Iran : l’ayatollah Khamenei réapparaît en public pour la première fois depuis la guerre contre Israël
Iran : l’ayatollah Khamenei réapparaît en public pour la première fois depuis la guerre contre Israël

Le guide suprême iranien, l’ayatollah Ali Khamenei, a fait samedi sa première apparition publique depuis le début de la guerre de douze jours entre l’Iran et Israël, lors d’une cérémonie religieuse à la veille d’Achoura, événement majeur du calendrier chiite. Retransmise par la télévision d’État, cette apparition à Téhéran, dans une mosquée attenante à sa résidence officielle, intervient après une longue absence remarquée du dirigeant de 86 ans, resté caché pour raisons de sécurité pendant le conflit.

Aucun discours public n’a été immédiatement rapporté, mais la présence de hauts responsables, dont le président du Parlement, a été confirmée. L’événement s’est tenu sous très haute surveillance. Durant les hostilités, Khamenei aurait été placé dans un bunker, alors que sa sécurité était jugée particulièrement menacée, notamment après les frappes américaines sur trois sites nucléaires iraniens.

Ce conflit, déclenché par une attaque israélienne préventive contre les infrastructures nucléaires iraniennes, a coûté la vie à plus de 900 Iraniens, selon les autorités, et causé des milliers de blessés. Des sites sensibles ont été gravement endommagés, bien que l’ampleur exacte des dégâts reste floue. L’Iran a refusé depuis toute inspection de l’Agence internationale de l’énergie atomique (AIEA), et son président a ordonné mercredi la suspension de la coopération avec l’organisme onusien.
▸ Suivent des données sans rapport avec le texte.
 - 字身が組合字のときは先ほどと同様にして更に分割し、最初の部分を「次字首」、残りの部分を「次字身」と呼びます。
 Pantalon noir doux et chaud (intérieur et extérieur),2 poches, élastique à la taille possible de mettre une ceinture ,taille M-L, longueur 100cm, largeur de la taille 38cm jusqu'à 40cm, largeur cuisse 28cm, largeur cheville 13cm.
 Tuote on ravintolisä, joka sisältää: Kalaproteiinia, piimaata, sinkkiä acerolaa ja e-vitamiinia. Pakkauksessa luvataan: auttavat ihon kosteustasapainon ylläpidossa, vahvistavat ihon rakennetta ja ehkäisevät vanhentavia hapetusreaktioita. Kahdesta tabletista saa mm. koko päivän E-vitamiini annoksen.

En représailles, Téhéran a tiré plus de 550 missiles balistiques contre Israël. La majorité a été interceptée, mais 28 personnes ont perdu la vie et plusieurs zones ont subi des dommages importants. Khamenei, dans un message enregistré diffusé le 26 juin après le cessez-le-feu, avait revendiqué une « gifle au visage de l’Amérique » après une attaque iranienne contre une base militaire américaine au Qatar. Le président Donald Trump avait alors répliqué : « Vous avez pris une sacrée raclée. »
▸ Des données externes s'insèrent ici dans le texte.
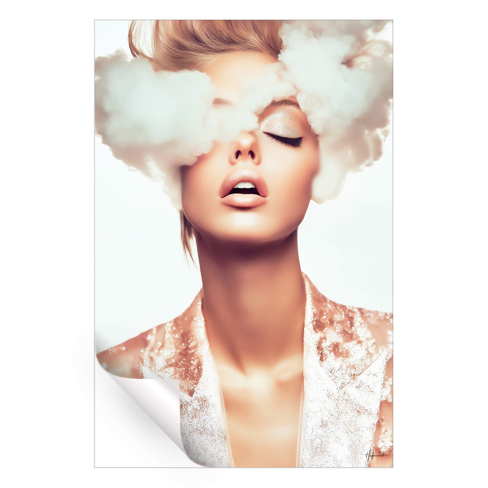 Calming neutral pastel wall art lends spa like serenity to bedrooms, lounges, studios, and salons. The feminine focus belongs naturally to our female portrait artwork while the refined palette aligns with the contemporary wall art collection . Pair it with muted textiles or metallic accents to echo cloud softness and jacket shimmer. Seasonal décor changes stay effortless because ArtFab prints swap without tools. For an even more personal touch consider designing a custom photo collage print that complements this piece.

La cérémonie religieuse de samedi commémorait le martyre de Hussein, petit-fils du prophète Mahomet, dont la mort au VIIe siècle lors de la bataille de Karbala a marqué la scission entre sunnites et chiites. À Téhéran, des foules vêtues de noir, portant des bannières rouges et noires, ont participé à des processions ponctuées de chants, de battements de poitrine et de flagellations symboliques, dans une chaleur intense.

Parallèlement, des perturbations majeures d’internet ont été signalées samedi soir à travers le pays. Le groupe de surveillance NetBlocks a confirmé sur la plateforme X une interruption significative de la connectivité, faisant écho à de nombreuses plaintes d’utilisateurs. Ce nouvel épisode survient quelques semaines après des coupures de télécommunications ordonnées par les autorités pendant la guerre, illustrant une fois de plus le contrôle étroit de l’information en période de crise.

Alors que les tensions régionales demeurent vives, la réapparition de Khamenei vise probablement à réaffirmer son autorité et à stabiliser l’image du pouvoir après une guerre coûteuse tant sur le plan humain que diplomatique. Reste à savoir si l’Iran acceptera de reprendre les négociations sur son programme nucléaire, dans un climat de méfiance renforcé.